About this exercise
All lines below between the line with "This thigh-high boot" and the line with "申韬教授负责的《商业银行经营", including both, must be copied exactly, and the pictures must be omitted.

▶

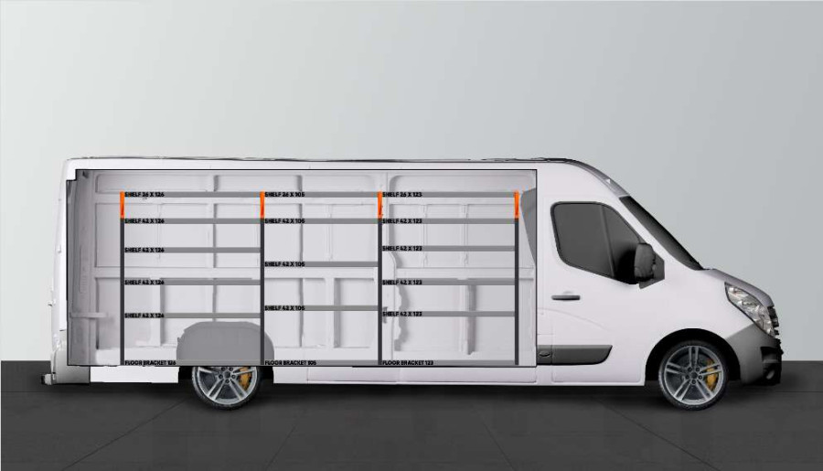 Dieses Fahrzeugregal wurde für den Einsatz im Movano, Master & NV400 L4 entworfen.
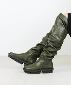 This thigh-high boot is flexible and loose-fitting, with an elastic that creates a ruched effect and provides more space in the leg of the boot.
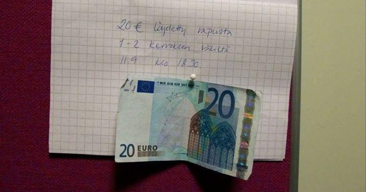 "20 евро найдено в подъезде между вторым и первым этажом 11 сентября в 18:30" (обычный финский подъезд в районе Тёёлё, Хельсинки).
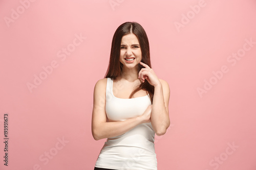 Let me think. Doubtful pensive woman with thoughtful expression making choice against pink background
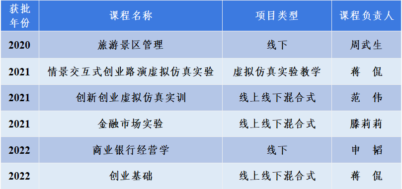 申韬教授负责的《商业银行经营学》、蒋侃教授负责的《创业基础》两门课程获批第三批自治区级一流本科课程。截至目前,滨海湾金沙赌场
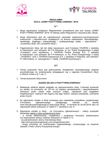 REGULAMIN AKCJI „DOMY POZYTYWNEJ ENERGII” 2016 §1 1. Akcja regulowana niniejszym Regulaminem prowadzona jest pod nazwą „DOMY POZYTYWNEJ ENERGII” 2016. W dalszej części Regulaminu nazywana jest „Akcją”. 2. Akcja skierowana jest do całodobowych placówek opiekuńczo-wychowawczych publicznych i niepublicznych działających na terenie województw: dolnośląskiego, opolskiego, śląskiego, małopolskiego i podkarpackiego (dalej – odpowiednio „Uczestnicy Akcji” lub „Uczestnik Akcji”). 3. Organizatorem Akcji, tak też dalej nazywanym, jest Fundacja TAURON z siedzibą w Katowicach, pod adresem 40-114 Katowice, ul. Ks. Piotra Ściegiennego 3 (dalej „Fundacja”) przy współpracy z TAURON Polska Energia S.A. z siedzibą w Katowicach, pod adresem 40-114 Katowice, ul. Ks. Piotra Ściegiennego 3 (dalej „TAURON”)” oraz z TAURON Dystrybucja S.A. z siedzibą w Krakowie, pod adresem 31-358 Kraków, ul. Jasnogórska 11 (dalej „TAURON Dystrybucja”). §2 1. Temat przewodni Akcji jest jednocześnie określeniem obowiązkowego zadania przydzielonego do zrealizowania ubiegającym się o nagrodę Uczestnikom Akcji, o których mowa w § 1 ust. 2. 2. Temat przewodni Akcji brzmi: „NASZE SZLAKI Z POZYTYWNĄ ENERGIĄ” 3. Realizacja zadania będzie polegała na zaproponowaniu trasy 1-dniowej wycieczki po okolicy (w promieniu ok. 50 km od miejsca zamieszkania) i zaprezentowaniu odkrytych przez siebie mało znanych miejsc, ciekawych pod względem krajobrazowym, ważnych dla regionu lub jego historii, wartych pokazania i poznania przez innych. 4. Za zgłoszenie udziału w Akcji uznawane jest nadesłanie prawidłowo wypełnionego Formularza zgłoszeniowego (dostępnego również na stronie www.domypozytywnejenergii.pl dotyczącej Akcji) - w terminie do 20.05.2016 roku na odpowiedni adres wskazany w Tabeli nr 1 zawartej w ust. 6. 5. Zgłoszenia udziału w Akcji - na Formularzu zgłoszeniowym - należy przesyłać wybierając jedną z niżej wymienionych form: - w formie elektronicznej –wypełniony i podpisany formularz zeskanowany (na odpowiednie adresy mailowe wskazane w Tabeli nr 1), - za pośrednictwem strony internetowej Akcji: http://domypozytywnejenergii.com.pl/zgloszenia.html, - drogą pocztową do koordynatora wojewódzkiego, umieszczając na kopercie dopisek o treści „Domy Pozytywnej Energii”. 1 Tabela nr 1 adres koordynator Uczestnicy Akcji z województwa dolnośląskiego TAURON Dystrybucja S.A. Oddział w Wałbrzychu ul. Wysockiego 11, 58-300 Wałbrzych Elżbieta MAREK, tel. 74 88 98 760, tel. kom.: 665 354 611 [email protected] Uczestnicy Akcji z województwa opolskiego TAURON Dystrybucja S.A. Oddział w Opolu ul. Waryńskiego 1, 45-047 Opole Małgorzata SOBOL, tel. 77 88 99 389, tel. kom.: 782 820 193 [email protected] Uczestnicy Akcji z województwa śląskiego TAURON Dystrybucja S.A. Oddział w Będzinie ul. Małobądzka 141, 42-500 Będzin Piotr ŻYDEK, tel. 32 766 21 50, tel. kom.: 516 112 017 [email protected] Uczestnicy Akcji z województwa małopolskiego TAURON Dystrybucja S.A. ul. Jasnogórska 11, 31-358 Kraków Agata KOTAPKA, tel. 12 261 10 86, tel. kom.: 516 110 020 [email protected] TAURON Dystrybucja S.A. Uczestnicy Akcji Oddział w Tarnowie z województwa podkarpackiego ul. Lwowska 72-96b, 33-100 Tarnów Beata BORYCZKO, tel. 14 631 12 19, tel. kom.: 516 115 904 [email protected] 6. Ocenie będą poddane prace konkursowe - prezentacje, które zostaną przesłane pocztą na nośniku CDR lub pen-drive we wskazanym w harmonogramie Akcji terminie, to jest do 15.07.2016 roku (określonym w Tabeli nr 2 zawartej w ust. 9). Oceniana będzie pomysłowość, oryginalność i atrakcyjność trasy turystycznej. Na ocenę nie będzie miała wpływu forma i walory estetyczne prezentacji – opisu trasy (te będą narzucone w regulaminie, aby zapobiec kontrowersjom i uniknąć rozbieżności). 7. Oceny nadesłanych przez Uczestników Akcji prezentacji dokona, a także wyłoni na tej podstawie Laureatów Akcji, przyznając im tytuły „Domów Pozytywnej Energii” i nagrody finansowe - Kapituła Akcji (zwana dalej Kapitułą), o której jest mowa w § 4. 8. Organizator Akcji nie przyjmuje prac niezwiązanych z tematem przewodnim Akcji. 9. Harmonogram Akcji zawiera Tabela nr 2: 2 Tabela nr 2 Data Wydarzenie 27 kwietnia 2016 r. START AKCJI – przesłanie przez organizatora Akcji do Uczestników: 1. zaproszeń do udziału w Akcji, 2. formularzy zgłoszeniowych, 3. Regulaminu Akcji wraz z załącznikami 20 maja 2016 r. Ostateczny termin nadsyłania zgłoszeń uczestnictwa w Akcji 15 lipca 2016 r. Ostateczny termin nadsyłania prac konkursowych 18 lipca – 12 sierpnia 2016 r. Ocena nadesłanych prac konkursowych 15 – 30 sierpnia 2016 r. Rozesłanie zaproszeń dla laureatów na Galę Finałową 7 – 16 września 2016 r. GALA FINAŁOWA Ogłoszenie laureatów Akcji na poziomie danego województwa i przekazanie im przez Organizatora Akcji symbolicznych czeków oraz ogłoszenie zwycięzców tegorocznej edycji Akcji wrzesień / październik 2016 r. Zawarcie umów darowizny i przekazanie nagród finansowych na rachunki bankowe Laureatów Akcji §3 1. Laureaci będą wyłaniani na poziomie wojewódzkim. 2. W każdym województwie zostanie wyłoniony i maksymalnie 3 zdobywców wyróżnień. 1 3. Organizator przewiduje 15 wyróżnień. głównych przyznanie 5 nagród Laureat nagrody oraz głównej maksymalnie 4. Każdy Laureat nagrody głównej otrzyma nagrodę finansową w wysokości 50.000 zł (słownie: pięćdziesiąt tysięcy złotych). 5. Każdy Wyróżniony otrzyma nagrodę finansową w wysokości 10.000 zł (słownie: dziesięć tysięcy złotych). 6. Organizator zastrzega sobie możliwość nieprzyznania wymienionej w pkt. 3 ilości wyróżnień. 3 7. Laureaci nagród głównych i wyróżnień otrzymają nagrody finansowe na podstawie umów darowizny. 8. Wszyscy Laureaci są zobowiązani do dostarczenia niezbędnej dokumentacji, o której mowa w Formularzu Zg
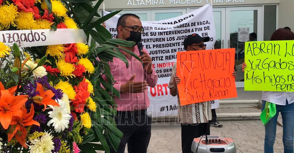 Con flores y un pastel, abogados protestan a un año de tener cerrados los juzgados en Altamira
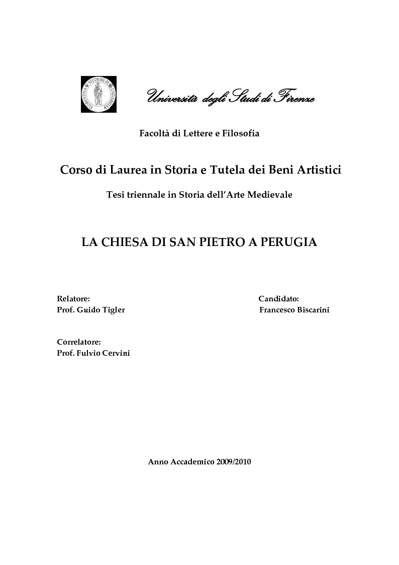 Universita Degli Studi Di Firenze Facolta Di Lettere E Filosofia Corso Di Laurea In Storia E Tutela Dei Beni Artistici Tesi Triennale In Storia Dell Arte Medievale La Chiesa Di San Pietro A
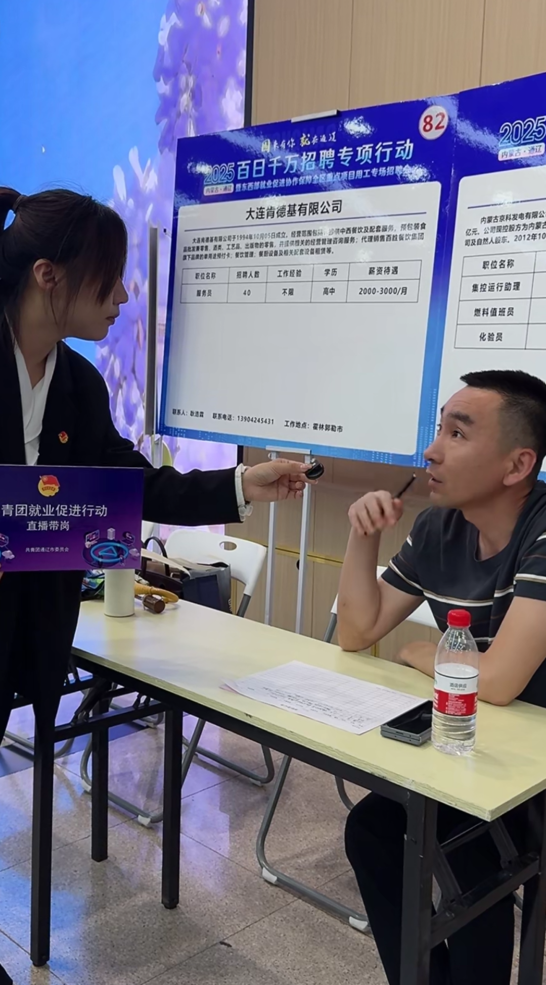 为深入贯彻落实党中央、国务院关于稳就业保就业的决策部署,精准对接青年群体就业需求,搭建高效就业桥梁,6月20日,团市委“青春通辽”直播间走进2025年百日千万招聘专项行动暨东西部就业促进协作保障全区重点项目用工专场招聘会现场开展共青团“就业促进·直播带岗”活动。

◀

Exercise solution
 This thigh-high boot is flexible and loose-fitting, with an elastic that creates a ruched effect and provides more space in the leg of the boot.
 "20 евро найдено в подъезде между вторым и первым этажом 11 сентября в 18:30" (обычный финский подъезд в районе Тёёлё, Хельсинки).
 Let me think. Doubtful pensive woman with thoughtful expression making choice against pink background
 申韬教授负责的《商业银行经营学》、蒋侃教授负责的《创业基础》两门课程获批第三批自治区级一流本科课程。截至目前,滨海湾金沙赌场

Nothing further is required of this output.